Yet – and here is where history matters – how much was Pakistan a victim of the U.S. Cold War against the Soviet Union and how much did it turn it to its advantage?  It might have been possible during the jihad against the Soviets for Pakistan to support Afghan nationalist insurgents with U.S. and Saudi money – Pakistan controlled the way these funds were spent. The Pakistan army chose to stress Islamist militancy over Pashtun nationalist militancy in part because it has always  been afraid of Pashtun  nationalism on its side of the border. By stressing Islamist over nationalist/ethnic militancy, the  Pakistan army opted for what to a military mind was the best way to protect the integrity and unity of Pakistan.  (This was also obvious in some ways for an army which had lost East Pakistan to ethnic nationalism in the 1971 war which led to the creation of Bangladesh.) -

In many ways, that mindset continues. Work out how far the Pakistan army is dependent on instrumentalising Islam in its security posture and you are a long way to understanding how big the gap is between the United States and Pakistan. 

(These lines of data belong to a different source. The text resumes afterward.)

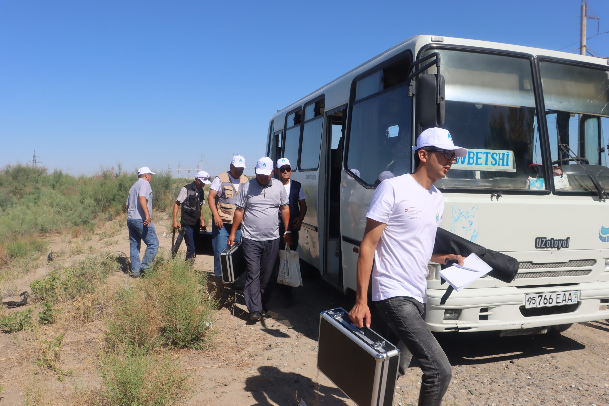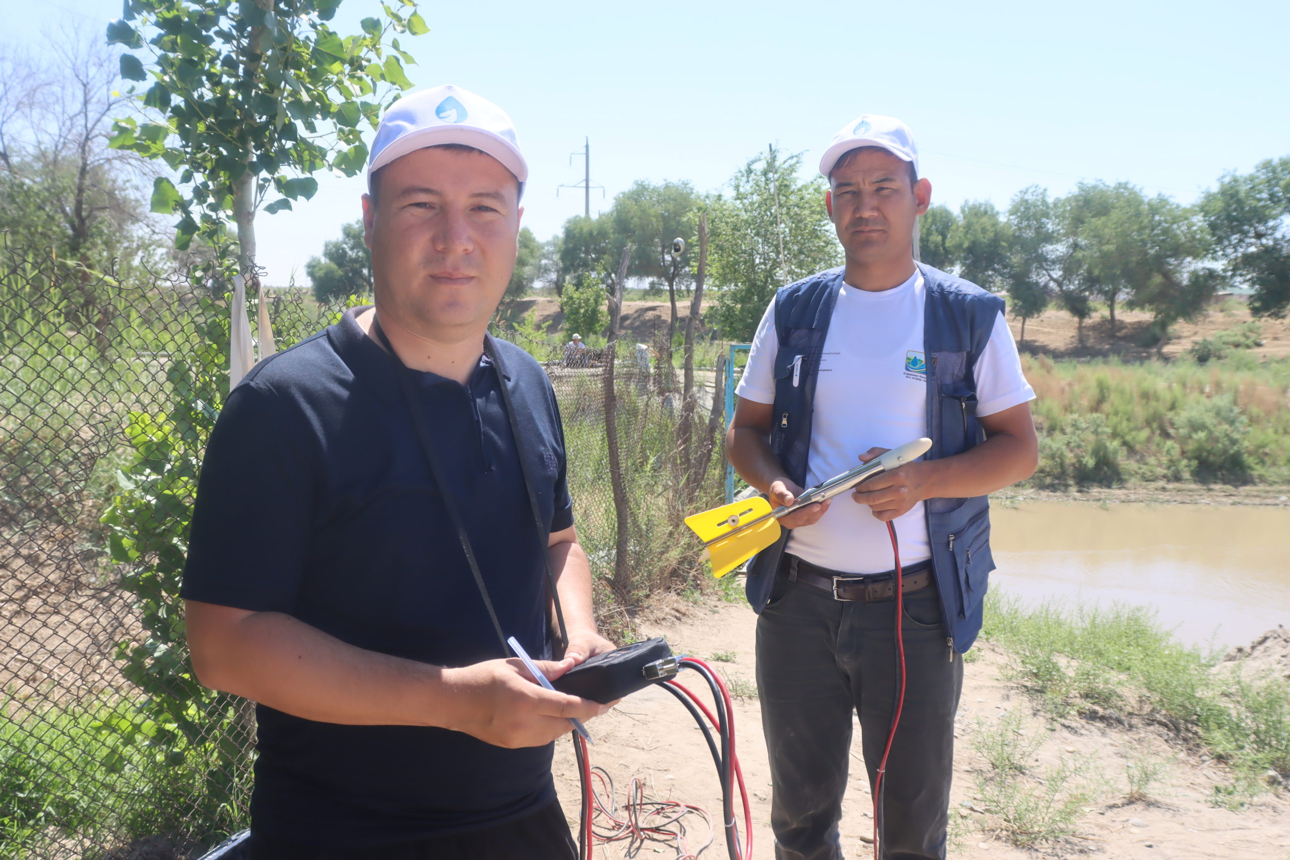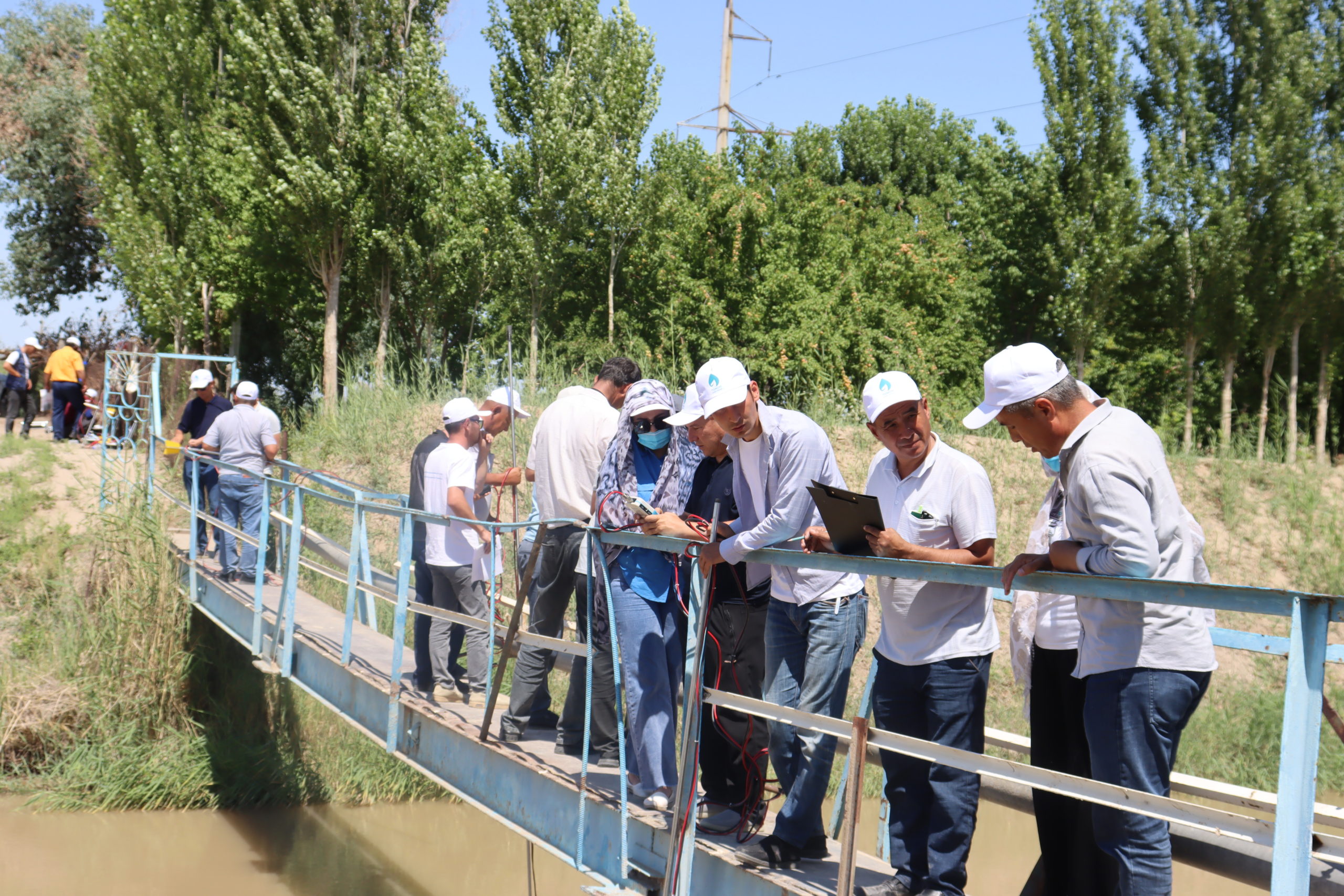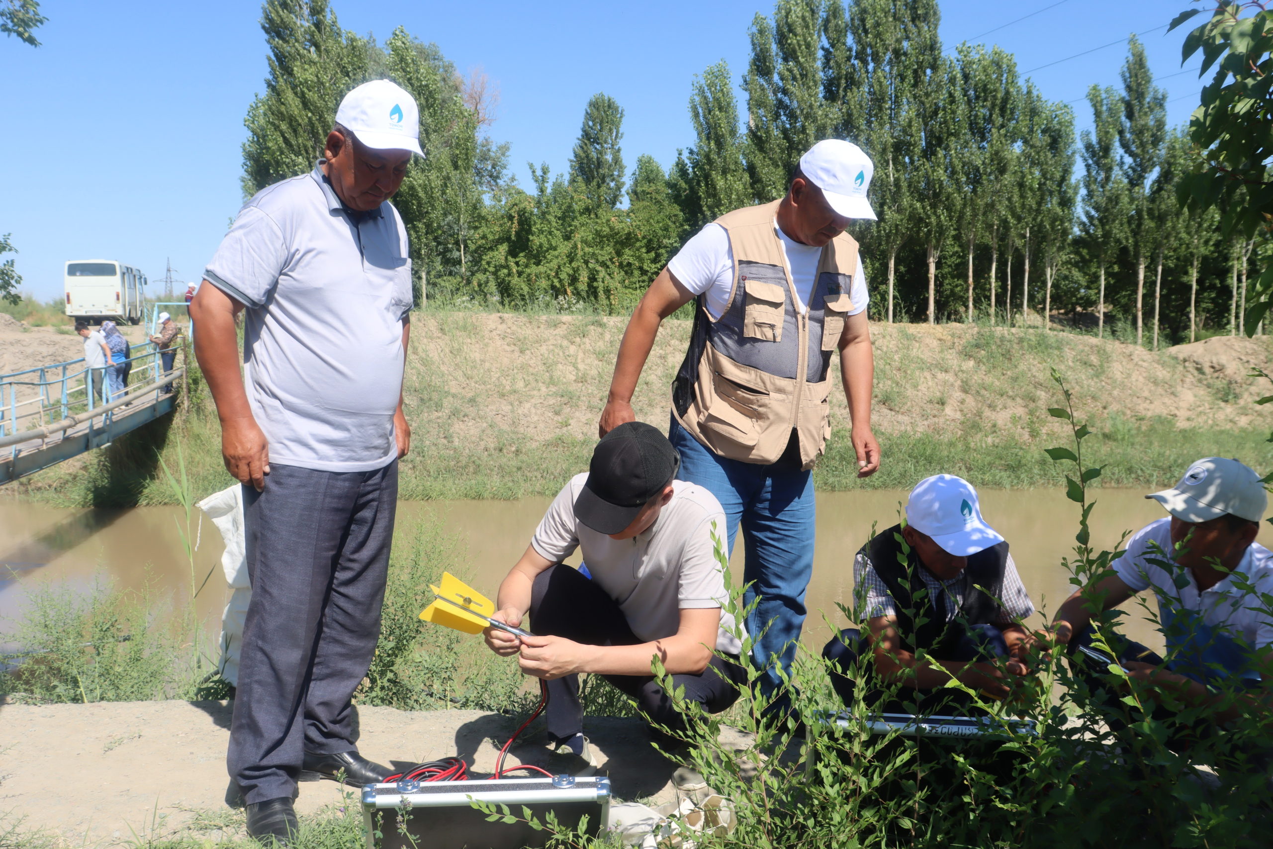 Шундан сўнг, гидрометрлар ўқув курсларини амалиётда синаб кўриш учун Нукус туманидаги “Развилка” сув тақсимлаш иншооти ҳудудига чиқдилар. Ҳар бир ҳудуддан ўқув курсига келган гидрометрлар ўзлари билан лойиҳа доирасида асосида ажратиланган замонавий сув ўлчаш вертушкаларини олиб келишган. Улар ҳудуддаги турли хил ўлчамдаги каналларда тренерлар ёрдамида янги вертушкалар ёрдамида сув миқдорларини ўлчадилар ва натижалари муҳокама қилинди.
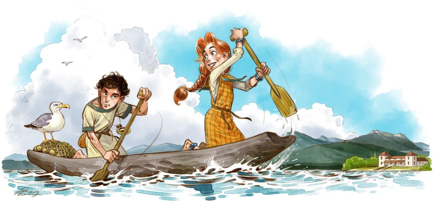 „Natürlich”, grinst Annilio. Der Fischer blickt verdutzt auf das rothaarige vorlaute Mädchen. Als der Knecht dem Fischer ein paar kleine Münzen in die Hand drückt, lässt sich der Fischer überzeugen und hilft den Kindern, das Boot ins Wasser zu schieben. Zwei geschwungene Paddel liegen im Inneren des Einbaums.
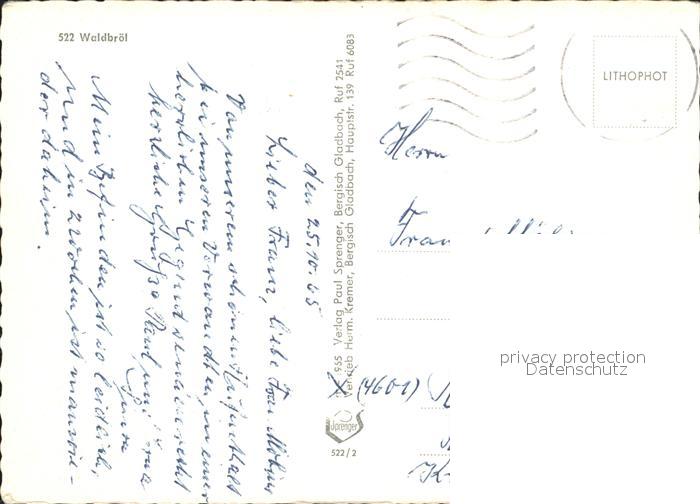 72330054 alte Postkarte Waldbroel Kirchtuerme Waldstrandbad Gartenstrasse postalisch gelaufen Erhaltung siehe scans KatCode: 11110005374044
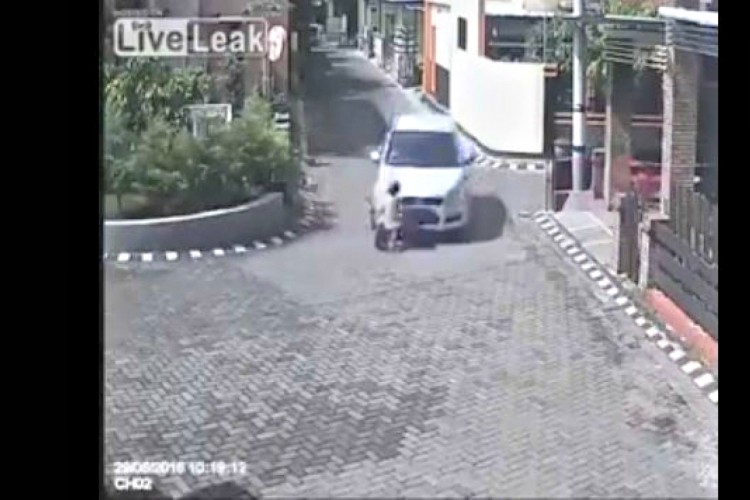 El hecho ocurrió en Indonesia y las imágenes fueron grabadas por una cámara de seguridad del vecindario y el video fue posteriormente subido a YouTube donde no tardó  en hacerse viral.En la impactante grabación se puede observar cómo la niña iba  conduciendo  su ‘scooter’ y de repente una conductora arrolla a la pequeña. Rápidamente, el auto se detuvo y la conductora se bajó para verificar a la niña, pero milagrosamente la niña había resultado ilesa.

The contestable reading of history matters also for how it is portrayed nowadays.  The story about Haqqani being entertained at the  White House is an old one. Yet it was revived recently in the Pakistani media with a photo purporting to show that encounter – which appeared in fact to involve a different person. Commenting on the alleged White House meeting, Pakistan’s ambassador to the United States Husain Haqqani said on Twitter that  the “fact remains neither Jalaluddin nor Sirajuddin Haqqani met Pres Reagan. Maulvi Khalis did.”

The photo underpinned a powerful narrative in Pakistan – that the United States rather than Pakistan is responsible for creating Islamist militancy. The United States is uncontestably responsible for many things – for the invasion of Iraq, for winning the Cold War to become the world’s sole superpower and for championing an untrammeled free market system that has contributed to the current global financial crisis. But how much did Washington with its money create Islamist militancy and how much was it a product of Pakistani security thinking?

If we don’t know the answers to that question, how are we supposed to judge whether the Haqqani network should be  included in peace talks in Afghanistan?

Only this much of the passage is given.